Since kubernetes comes before file in plugin.cfg, using fallthrough in kubernetes will result in file handling any queries that kubernetes does not. This means that we need to have a zone file as part of our ConfigMap, just like we did to handle the second use case in the previous blog. In this case, though, instead of being configured with a different zone (example.org in the other blog), the file plugin is configured to use the cluster.local domain:

apiVersion: v1
kind: ConfigMap
metadata:
  name: coredns
  namespace: kube-system
data:
  Corefile: |
    .:53 {
        errors
        log
        health
        kubernetes cluster.local 10.0.0.0/24 {
          fallthrough
        }
        file /etc/coredns/cluster.db cluster.local
        forward . /etc/resolv.conf
        cache 30
    }    
  cluster.db: |
    cluster.local.               IN      SOA     ns.dns.cluster.local. hostmaster.cluster.local. 2015082541 7200 3600 1209600 3600
    something.cluster.local.     IN      A       10.0.0.1
    otherthing.cluster.local.    IN      CNAME   google.com.    
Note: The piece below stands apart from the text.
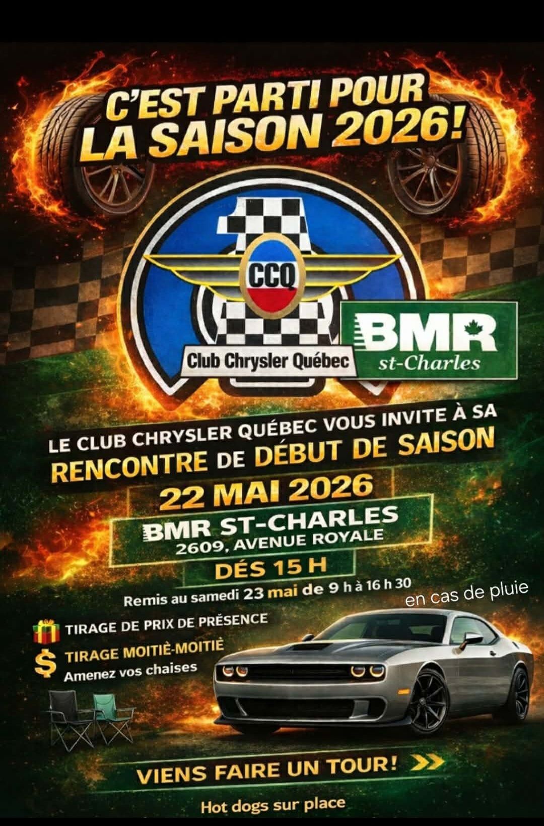 Pour toutes informations, nous vous invitons à communiquer avec l'équipe du Club Chrysler Québec via la page Facebook du Club Chrysler Québec. L'événement se tiendra au BMR de Saint-Charles le 22 mai 2026 dès 15h. En cas de pluie, l'événement est remis au 23 mai à 9h.
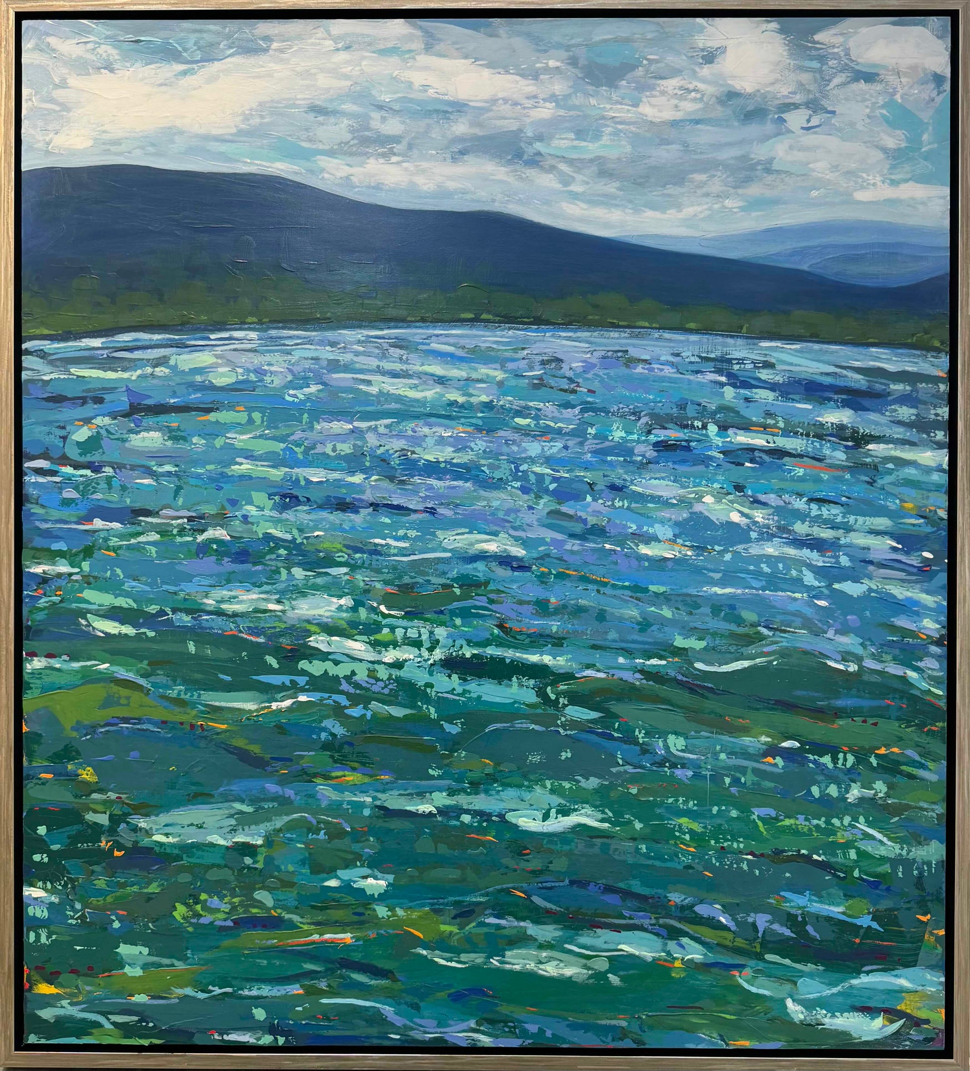 This Painting by Moni Hill is 36 x 40. Moni Hill is inspired by the natural world and uses acrylic paint layered upon wood in her work. This collection is a celebration of resilience and beauty of the mountain lakes of the southeast region.

Remember to add the cluster.db file to the config-volume for the pod template:

      volumes:
        - name: config-volume
          configMap:
            name: coredns
            items:
            - key: Corefile
              path: Corefile
            - key: cluster.db
              path: cluster.db

and finally to signal CoreDNS to gracefully reload (each pod running):

$ kubectl -n kube-system exec coredns-461002909-7mp96 -- kill -SIGUSR1 1

Now let’s try out our new DNS records.

$ kubectl run -it --rm --restart=Never --image=infoblox/dnstools:latest dnstools
If you don't see a command prompt, try pressing enter.
/ # host kubernetes
kubernetes.default.svc.cluster.local has address 10.0.0.1
/ # host something
something.cluster.local has address 10.0.0.1
/ # host otherthign
Host otherthign not found: 3(NXDOMAIN)
/ # host otherthing
otherthing.cluster.local is an alias for google.com.
google.com has IPv6 address 2607:f8b0:4005:805::200e
google.com mail is handled by 30 alt2.aspmx.l.google.com.
google.com mail is handled by 50 alt4.aspmx.l.google.com.
google.com mail is handled by 40 alt3.aspmx.l.google.com.
google.com mail is handled by 20 alt1.aspmx.l.google.com.
google.com mail is handled by 10 aspmx.l.google.com.
/ #

We can see if we put in an incorrect name, we still get NXDOMAIN as you would expect. However, a correct name will resolve to the record from our zone file. So, we now have a way to create custom entries in the cluster domain.

In the standard CoreDNS release, the kubernetes plugin comes before file and etcd. This means that it gets the first chance to handle the query. You can rebuild CoreDNS to change that ordering if you wish - take a look at Miek’s post on How to Add Plugins to CoreDNS if you want to see how that’s done.